When the ultra-conservative sexist Ayatollahs who drafted our constitution, were composing the law concerning the eligibility of a presidential candidate, they PURPOSEFULLY used the Arabic word "rejaal", not because we use that word on a regular basis in our language, we don't!!!! :-)
We have a word for men (mardan) and a word for women (zanan), and we use the Arabic word "ensan" when we want to say mankind.
They used the word "rejaal" because at the time, at the beginning of the revolution, they had not yet COMPLETELY taken over and eliminated all secularists from the law-making assemblies, and they knew that if they worded it as men "mardan", the secularists and indeed 50% of the Iranian population (Iranian Women) would object and say NO WAY!!!!
They also couldn't use the word "ensan" because the use of the word "mankind" in that sentence would have sounded strange, and also, "ensan" does CLEARLY include ALL men and women!
So what did they do to play their sexist trick on the rest of the law-makers???
They used this ambiguous foreign word, a word that we do not use when we speak, unless when we refer to politicians "rejaale ssiyassi", and everybody thought they meant to simply say politicians!!!
Nobody at the time objected because it was not understood as making any distinctions between women politicians and men politicians!!!

You see Mohammed, in Farsi, we do not have feminine words and masculine words, we do not conjugate our verbs differently for men or women or things, we do not even have 3 pronouns (he, she, it), we only have one, it is the same pronoun "oo", whether it refers to a man or a woman or an animal or a thing!!! Our language is quite "Politically Correct" on its own!!!
:-)
So, when a bunch of sexist people want to say things that are sexist, they will use Arabic! :-)

mohammed.husain said...

Wa 'alaykum as-salaam,

You've offered a lengthy explanation, and I'm glad you have a tempered nationalism. The nationalism I typically encounter here from Iranians in Los Angeles is a lot like you described, its excessive to the point of absurdity.

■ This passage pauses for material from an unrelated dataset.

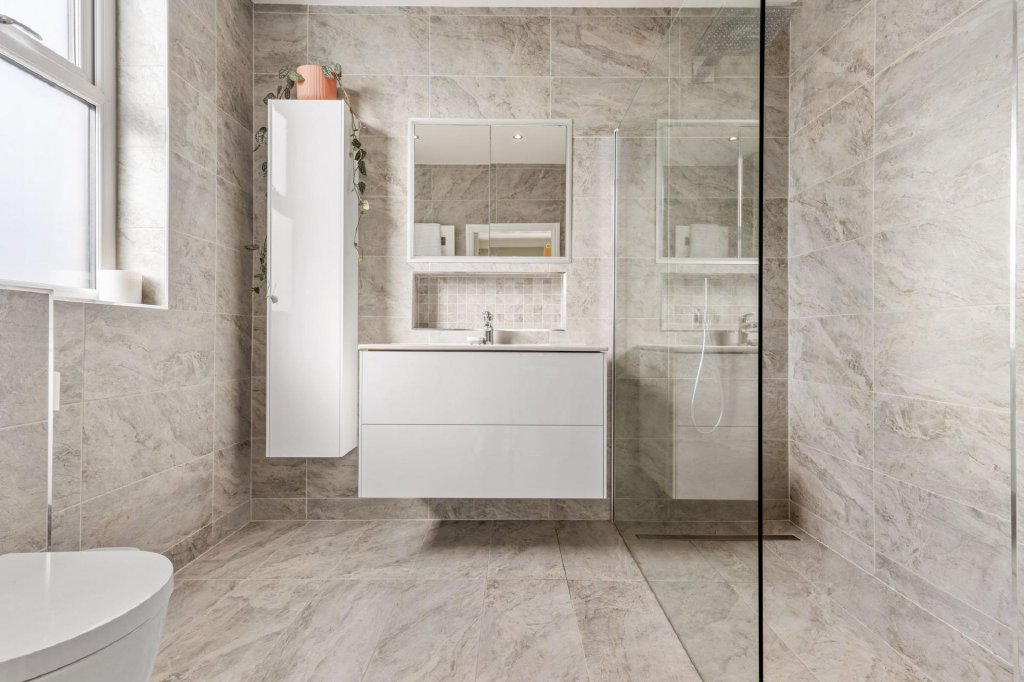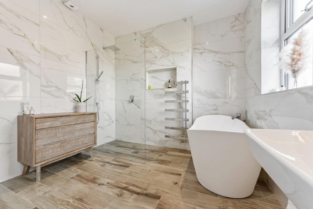 The family bathroom mirrors the luxury of the ensuite, showcasing a contemporary four-piece suite: a deep freestanding bath, separate walk-in shower enclosure, a sleek vanity unit, and stylish tiling. This space has been designed to be both functional and indulgent, ensuring every member of the family enjoys their own private sanctuary.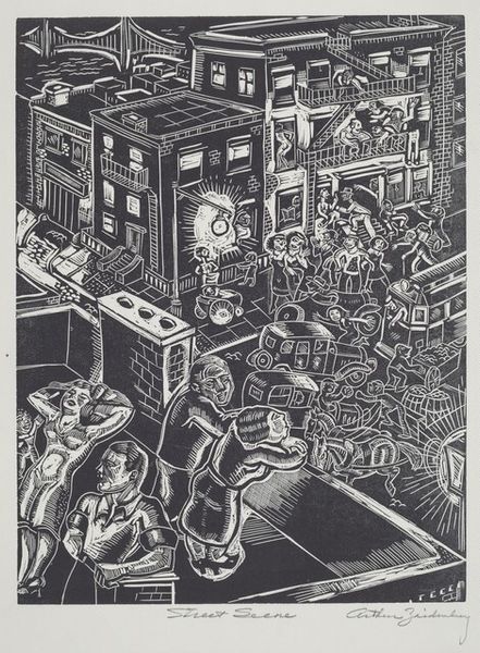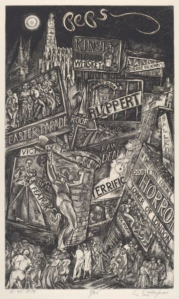 Anne de Kohary's ‘Bowery Street Corner’ is a black and white print, its hard lines giving a sense of a moment captured in time. It’s interesting how de Kohary uses a range of greys to create depth, giving the viewer a glimpse into the bustling street life. The material quality of the print is evident in the crispness of the lines and the way the ink sits on the paper, suggesting the precision involved in the printmaking process. Look closely at the figures in the foreground; the way de Kohary renders their posture, hunched and weary, tells a story of hardship and resilience. The contrast between the dark shadows and the bright signage above creates a dynamic interplay, drawing the eye upwards. This piece reminds me of the work of Jacob Lawrence, who similarly used stark lines and bold compositions to depict urban life and social realities. Both artists engage with the complexities of the human experience, inviting us to reflect on the world around us and the stories it holds.

I don't know enough about the inns and outs of Iranian politics to comment on much of what you said. But just to clarify, I'm not an Arab, I'm actually a Pakistani American. Pakistanis speak Urdu, and our language too has a lot of loan words from Arabic and also from Farsi. Some loan words in Urdu also have slightly different meanings, for instance taroof in Urdu means introduction (socially), whereas I know in Farsi it refers to a particular kind of adab.

Well, thanks for the clarification, All the best.

Anonymous said...

FYI:
Urdu doesn't borrow from Farsi. The common words are there because in fact Urdu and Pashtu and Farsi and Hindi and Tajik and ... are all from the same linguistic origine, whereas Arabic and Hebrew and Aramaic and ... are from a totally different origine. hence, Arabic words used in Urdu or Farsi or other Muslim countries' languages are "borrowed" words (due to historical events like Arab invasion, domination and attempts at assimilation), but you can't say Urdu borrows from Farsi, or Pashtu borrows from Dari, or Hindi borrows from Urdu, or ... because as I said, they are all cousins! kinda like similarities between French, Spanish, Italian, ..., or similarities between German and English which are btw, also from the same origine as ours, i.e., Indo-Germanic languages.